= ABOUT THIS EXERCISE =
Below this line are records; write out exactly the lines from the one containing "Cesta de aromas" through the one containing "燃气公司工作人员正在接受居民咨询。", with the pictures left out.

= PROVIDED DATA =
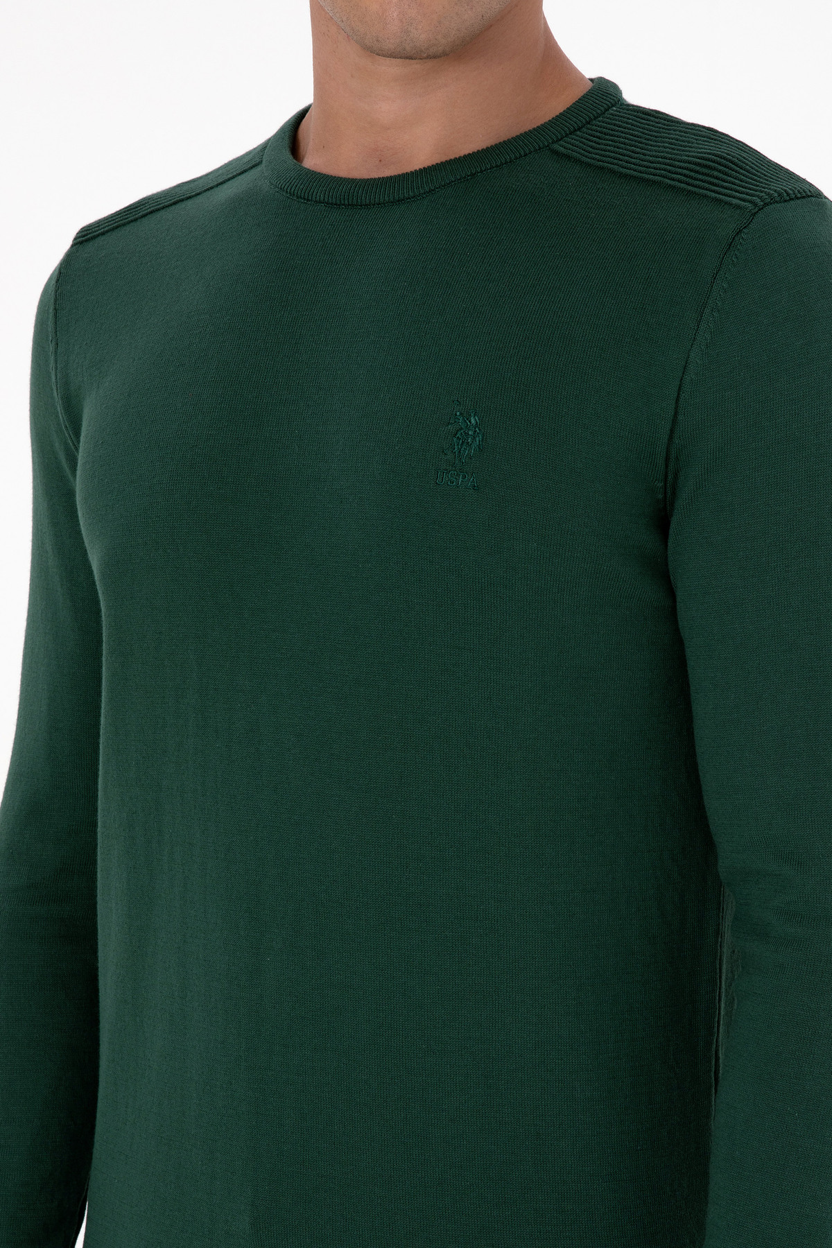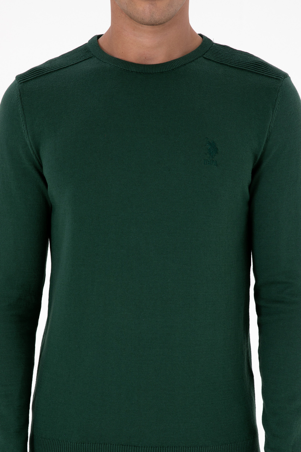 خرید اینترنتی پلیور مردانه یقه گرد اسلیم فیت، رنگ سبز تیره، کد ۵۰۳۰۷۷۷۹-VR۰۷۹ برند یو اس پولو U.S. Polo Assn. اورجینال از AYSİMONLİNE نمایندگی ترکیه
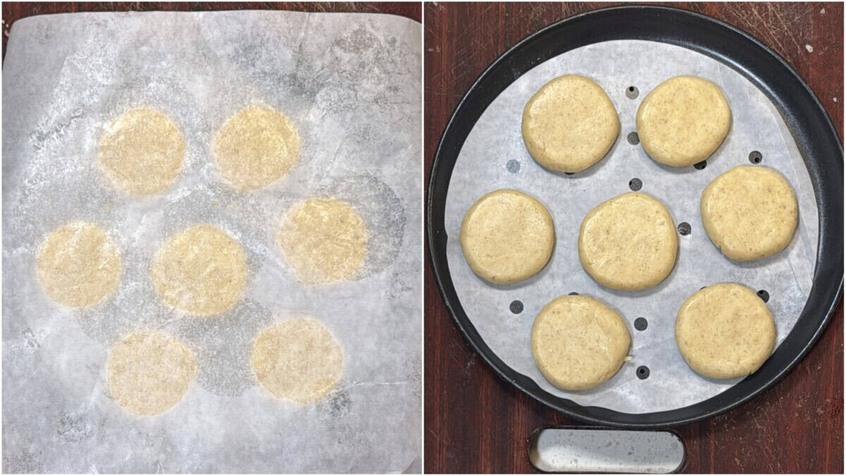 5. Roll the dough into small balls, flatten them slightly and place them on parchment paper.
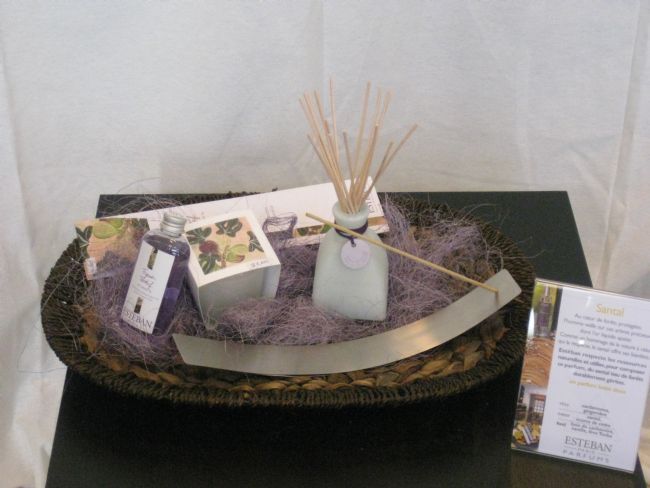 Cesta de aromas para el hogar de la conocida firma francesa Esteban, compuesta por vela perfumada, mikado, inciensos y quemador. Sorprenda con un original e inesperado regalo. Aromas disponibles: Melocotón de viña, frutos rojos, pomelo, Higo tardío y piña de pino.
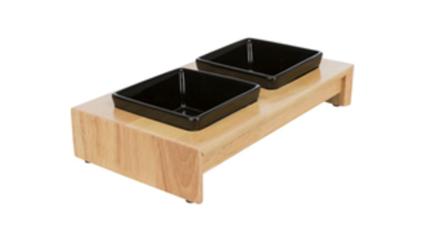 Napf-Set, Keramik/Holz, 2 × 0,2 l/10 × 10 cm/28 × 5 × 15 cm, schwarz/hellbraun
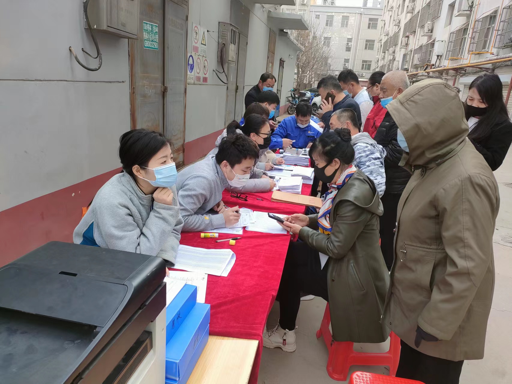 燃气公司工作人员正在接受居民咨询。
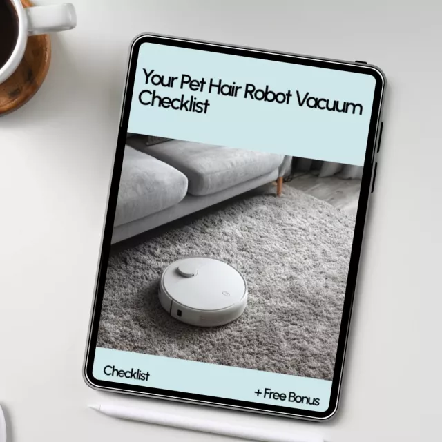 Created specifically for pet households, this downloadable checklist helps you evaluate your home, your pets, and the features that truly matter. Whether you share your space with one shedding cat or multiple fluffy dogs, this guide helps you avoid expensive mistakes and invest in a robot vacuum that keeps floors clean with minimal effort.
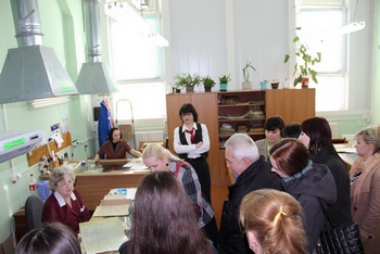 Участники семинара посетили Государственный архив Брестской области. Директор архива А.Г.Карапузова провела экскурсию, рассказала об организации работы по обеспечению сохранности документов Национального архивного фонда Республики Беларусь и оборудовании архивохранилищ. Присутствующие ознакомились с фотовыставкой «Они хотели жить… », посвященной трагедии мирных жителей Брестчины в годы немецко-фашистской оккупации, посетили кабинет-музей архива и архивного дела.
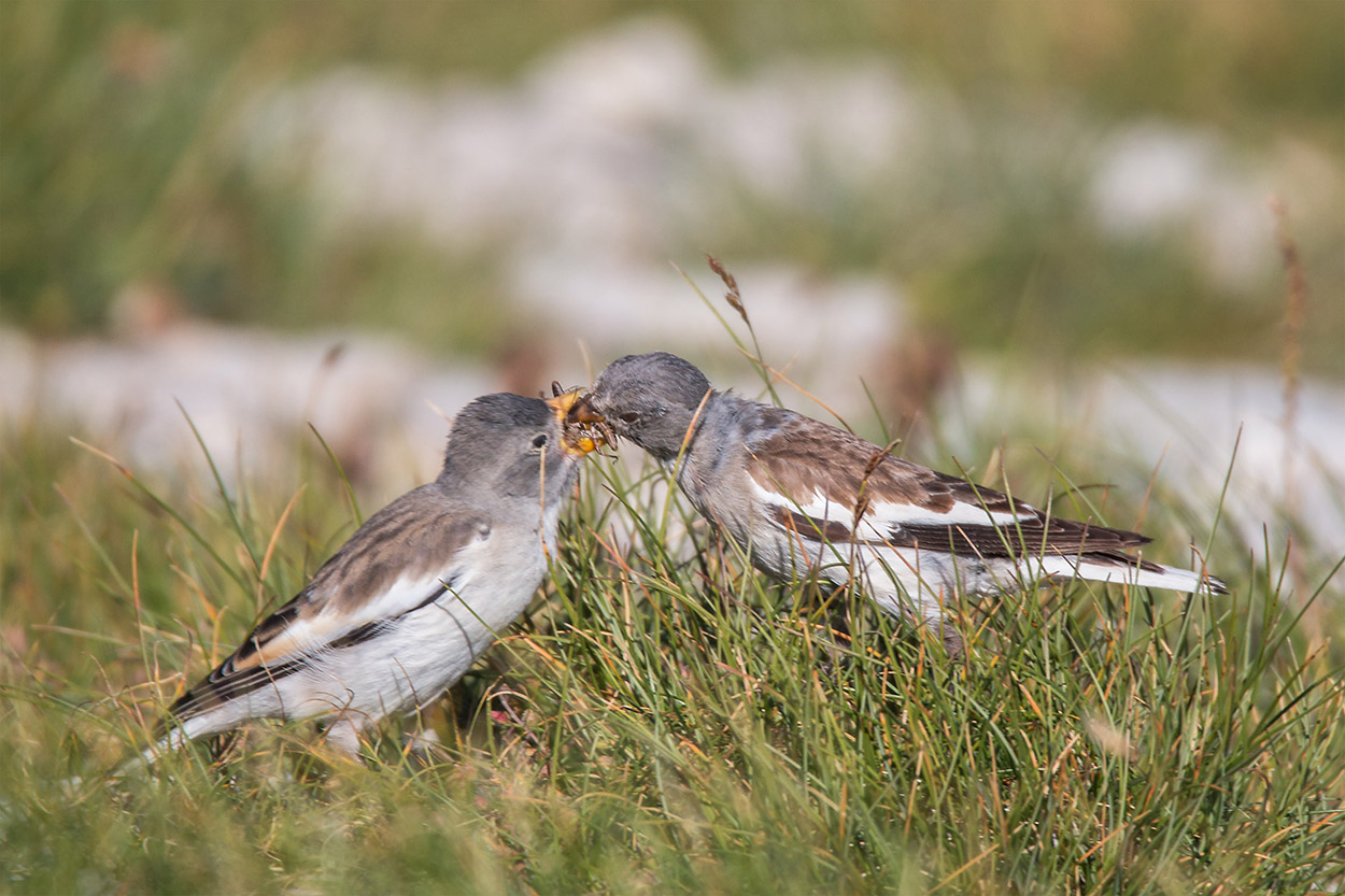 Era molto vicino, a terra e dal verso era evidente che fosse un giovane che chiamava l’adulto. Piano piano si è avvicinato e contemporaneamente è arrivato l’adulto che ha iniziato ad imbeccarlo. Erano entrambi incuranti della mia presenza e l’imbeccata si è ripetuta più volte, tanto che sono riuscito a spostarmi lentamente in condizioni di luce migliori per rubare questo scatto.
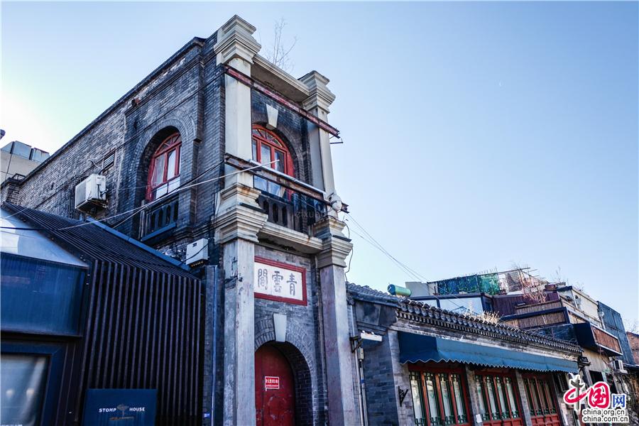 窗戶外,正對咖啡館的青云閣騎墻門樓有些突兀,與旁邊低矮的平房拉開高度,顯示著不同,很難想象,這扇緊閉的大門后,鎖著時空那頭一段繁華過往,這里,曾是名流云集的京城時尚潮頭處,清末民初,北京四大商場之一的青云閣,這是它的北門。在現在來說,青云閣就是當時的高級商業綜合體,可實現吃喝玩樂游購娛一站到位的地方,商場內有普珍園菜館、玉壺春茶樓、步云齋鞋店、富晉書社眾多老字號,是許多名流雅士們逛街、聽戲、品茗、購物,聚會的地方,魯迅、周作人、梁實秋、康有為、梁啟超等都曾在這里留下過足跡。

= SOLVED EXERCISE =
 Cesta de aromas para el hogar de la conocida firma francesa Esteban, compuesta por vela perfumada, mikado, inciensos y quemador. Sorprenda con un original e inesperado regalo. Aromas disponibles: Melocotón de viña, frutos rojos, pomelo, Higo tardío y piña de pino.
 Napf-Set, Keramik/Holz, 2 × 0,2 l/10 × 10 cm/28 × 5 × 15 cm, schwarz/hellbraun
 燃气公司工作人员正在接受居民咨询。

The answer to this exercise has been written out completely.